**TASK DESCRIPTION:** Please write out only the lines from the line with "Гравированный пивной бокал" to the line with "окружении осенней листвы", inclusive, exactly as they stand below, without the pictures.

**RECORDS FOR THIS EXERCISE:**
▬▬▬▬▬▬▬▬▬▬
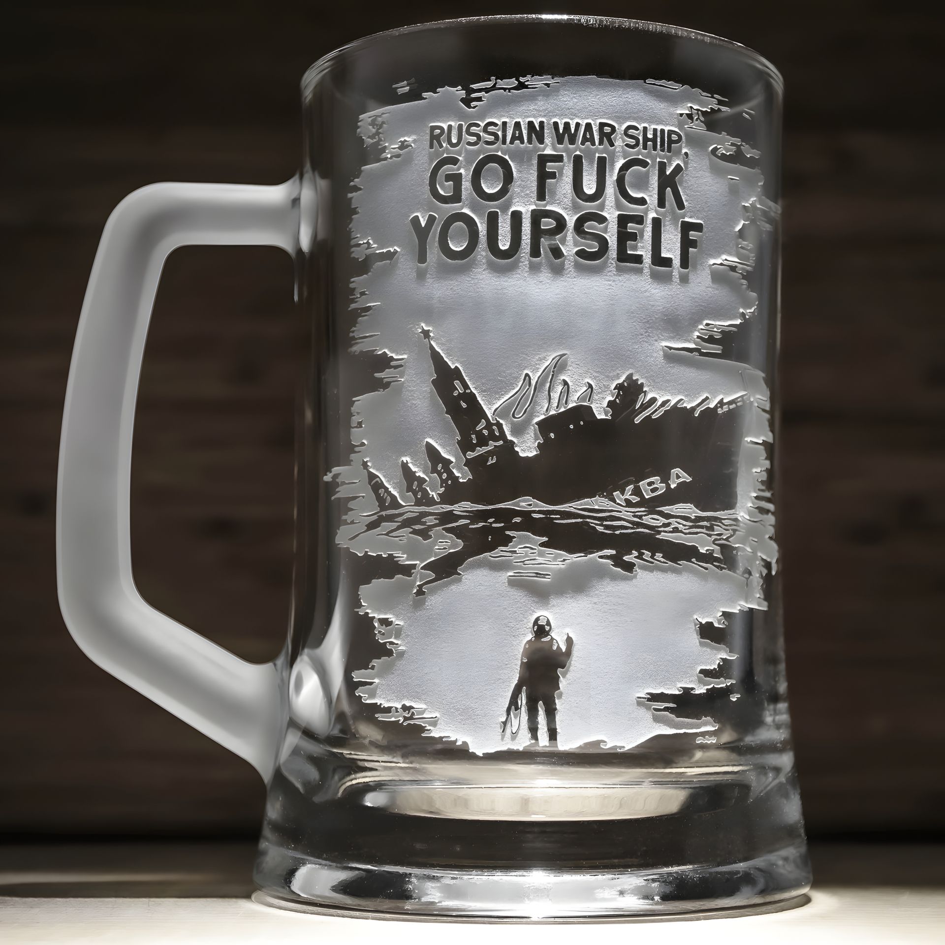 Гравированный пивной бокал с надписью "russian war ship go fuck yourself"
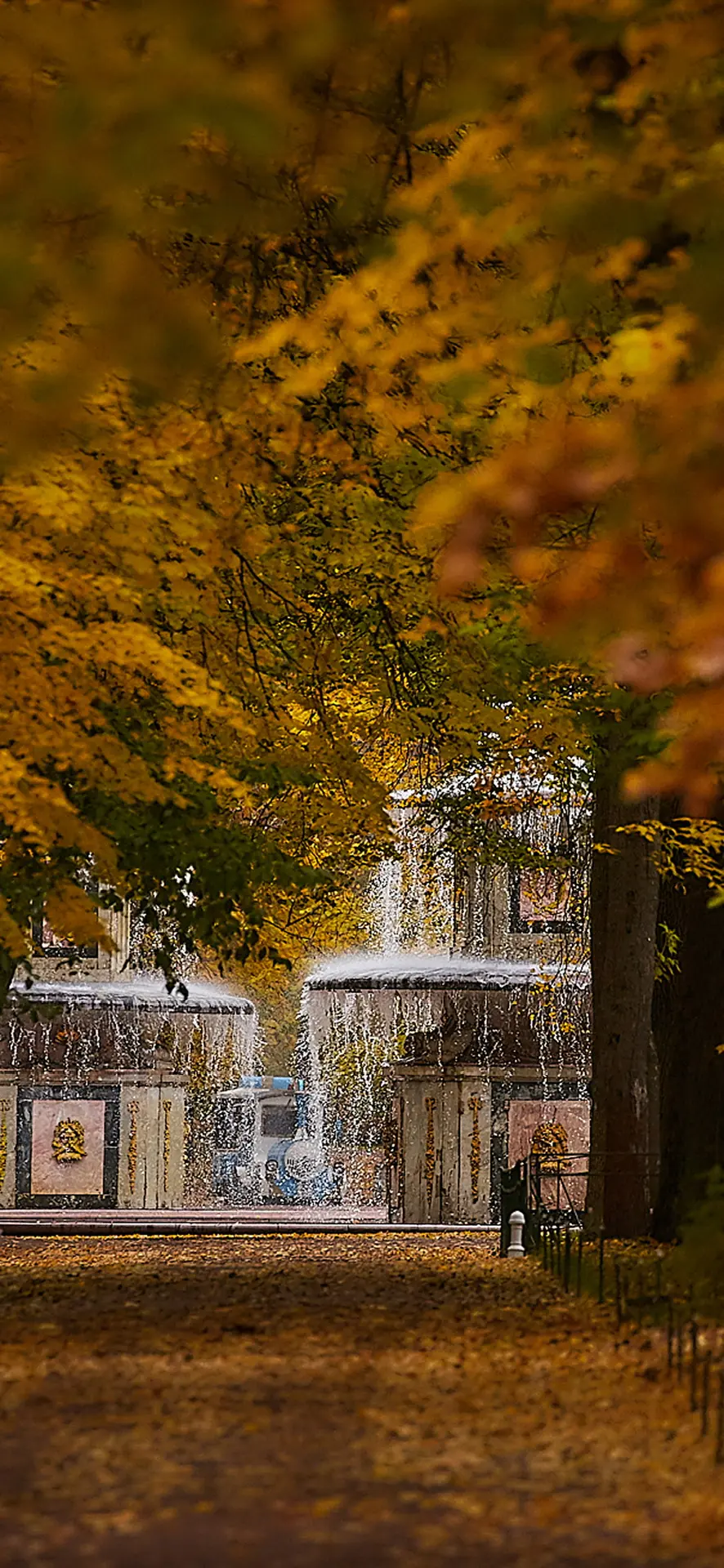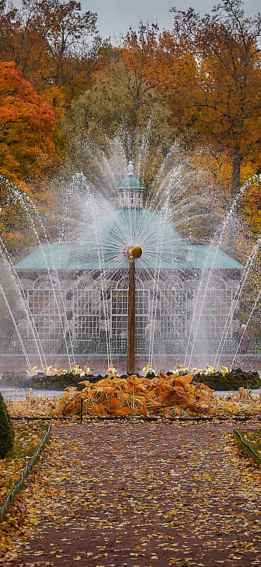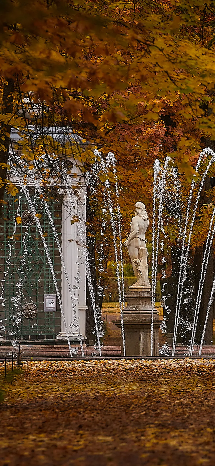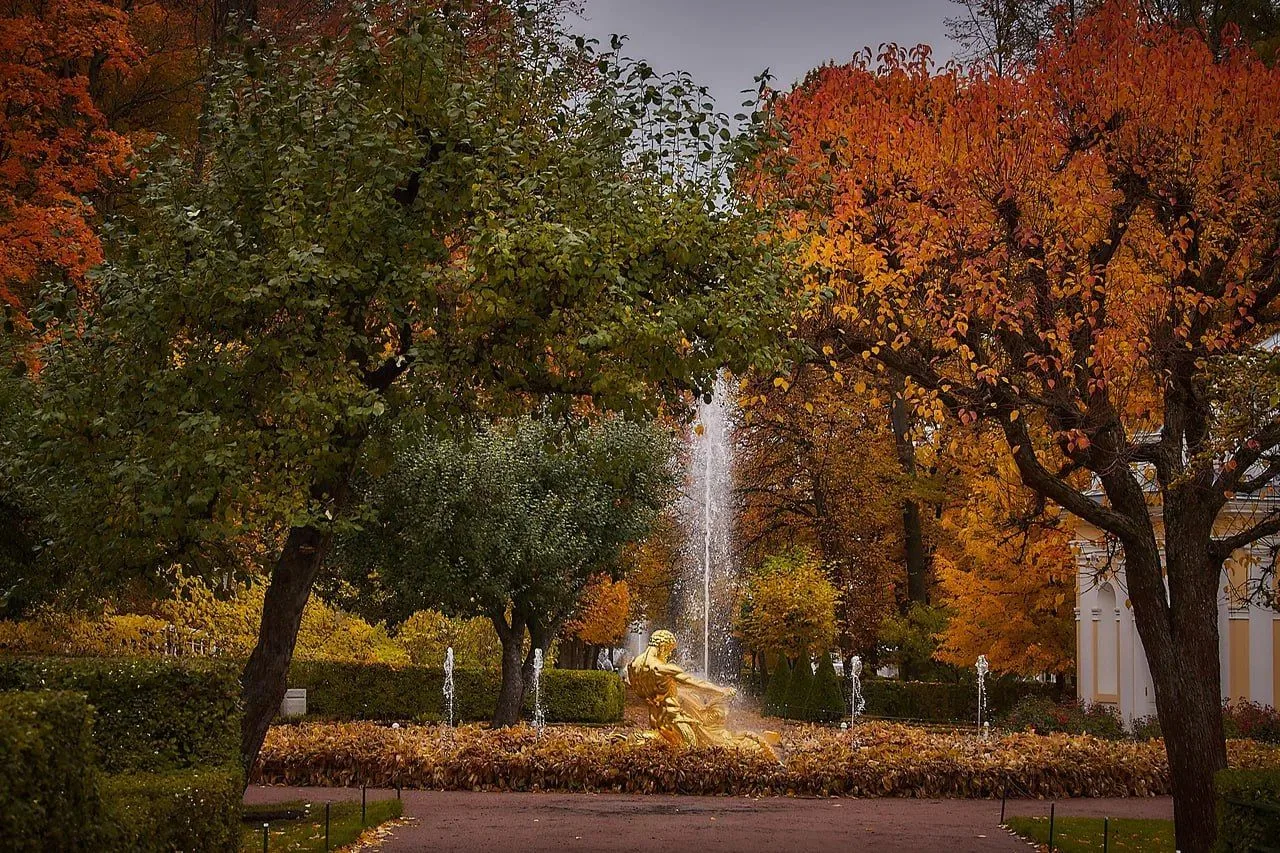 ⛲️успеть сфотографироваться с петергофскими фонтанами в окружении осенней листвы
▬▬▬▬▬▬▬▬▬▬
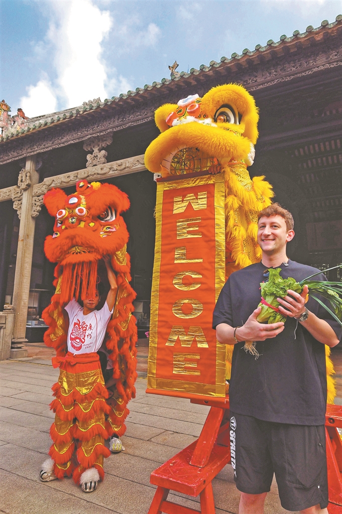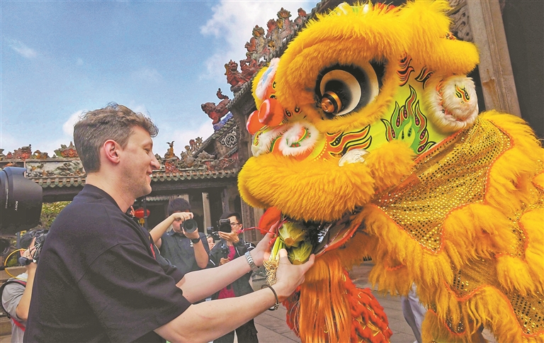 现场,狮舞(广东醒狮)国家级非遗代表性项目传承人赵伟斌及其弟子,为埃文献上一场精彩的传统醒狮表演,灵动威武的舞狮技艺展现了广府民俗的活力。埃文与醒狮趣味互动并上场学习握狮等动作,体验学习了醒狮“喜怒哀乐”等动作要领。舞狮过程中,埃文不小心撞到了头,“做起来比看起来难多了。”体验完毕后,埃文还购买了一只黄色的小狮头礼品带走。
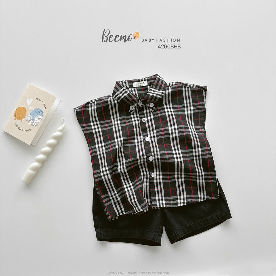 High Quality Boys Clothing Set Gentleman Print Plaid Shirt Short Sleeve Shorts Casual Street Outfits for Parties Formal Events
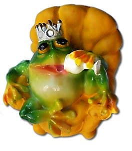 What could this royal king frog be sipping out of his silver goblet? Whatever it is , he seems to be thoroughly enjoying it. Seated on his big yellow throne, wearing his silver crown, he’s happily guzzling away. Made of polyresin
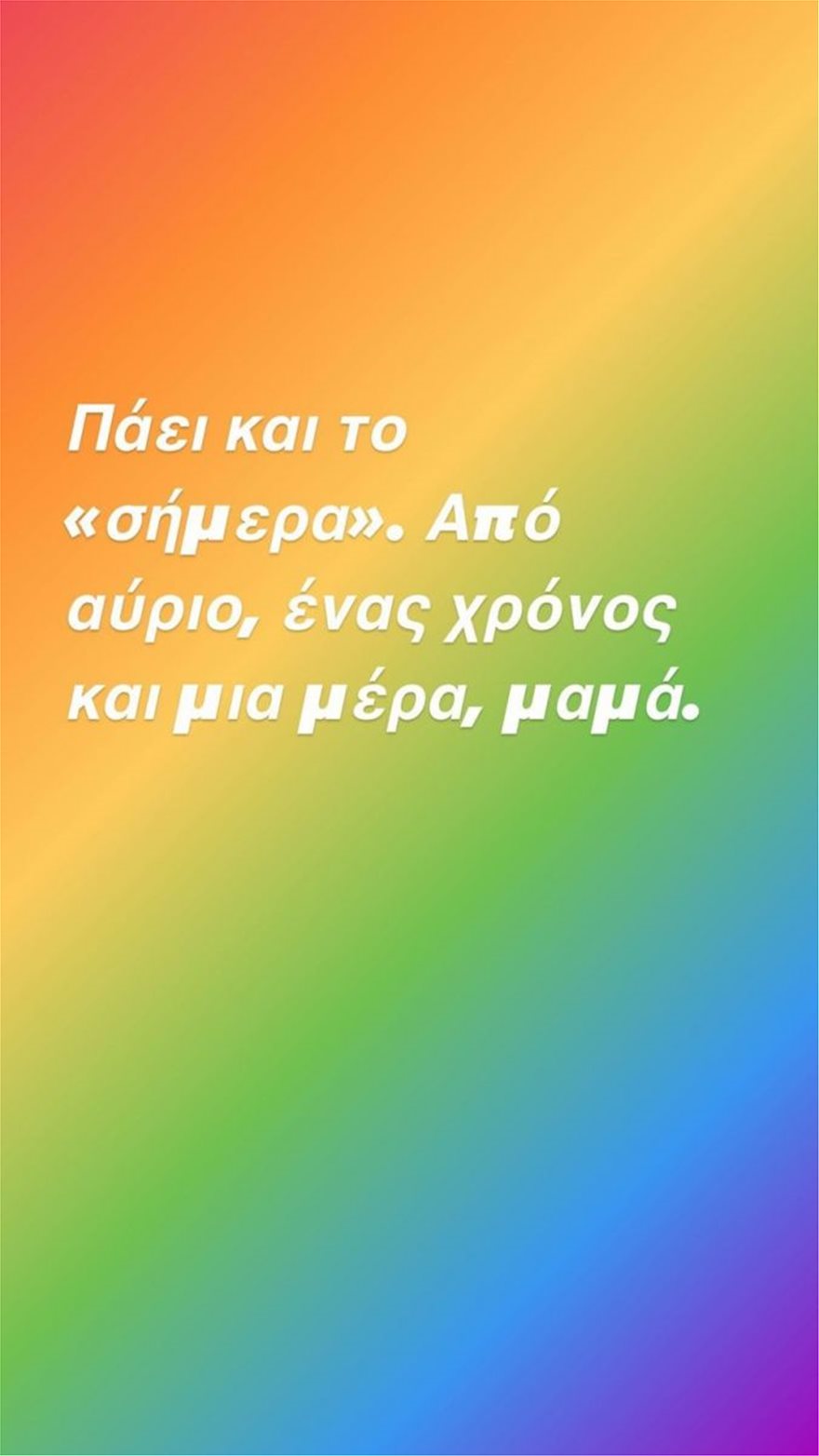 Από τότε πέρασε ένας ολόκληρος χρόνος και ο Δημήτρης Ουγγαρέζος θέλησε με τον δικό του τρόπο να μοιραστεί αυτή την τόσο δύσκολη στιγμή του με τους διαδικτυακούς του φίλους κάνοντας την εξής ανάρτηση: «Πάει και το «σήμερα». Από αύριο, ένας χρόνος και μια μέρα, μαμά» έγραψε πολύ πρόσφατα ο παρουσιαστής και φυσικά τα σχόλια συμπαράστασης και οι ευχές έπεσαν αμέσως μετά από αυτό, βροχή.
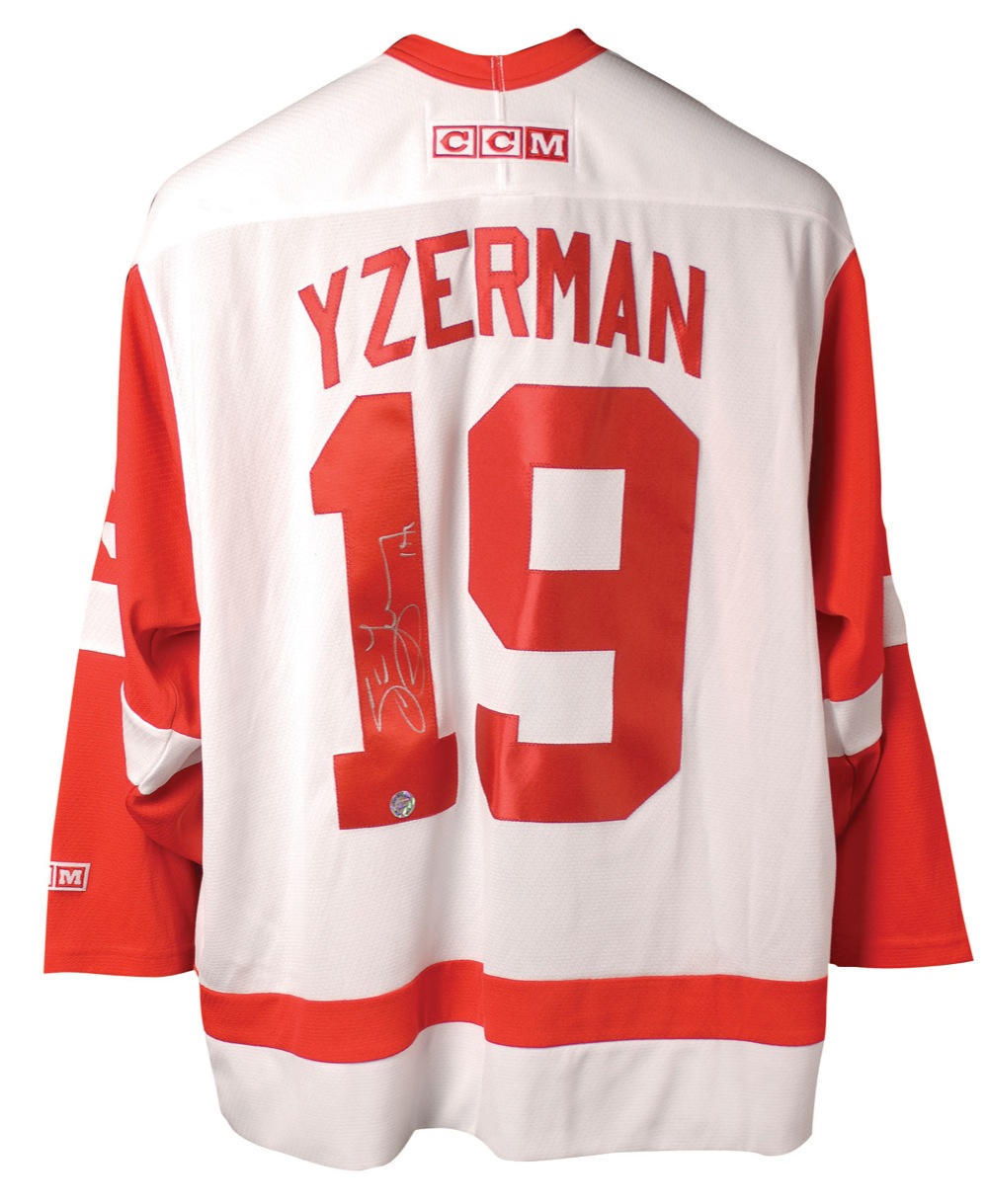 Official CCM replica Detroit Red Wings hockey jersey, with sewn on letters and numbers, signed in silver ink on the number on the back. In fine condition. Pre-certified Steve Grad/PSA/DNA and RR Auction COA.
▬▬▬▬▬▬▬▬▬▬
**OUTPUT OF THE EXERCISE:**
 Гравированный пивной бокал с надписью "russian war ship go fuck yourself"
 ⛲️успеть сфотографироваться с петергофскими фонтанами в окружении осенней листвы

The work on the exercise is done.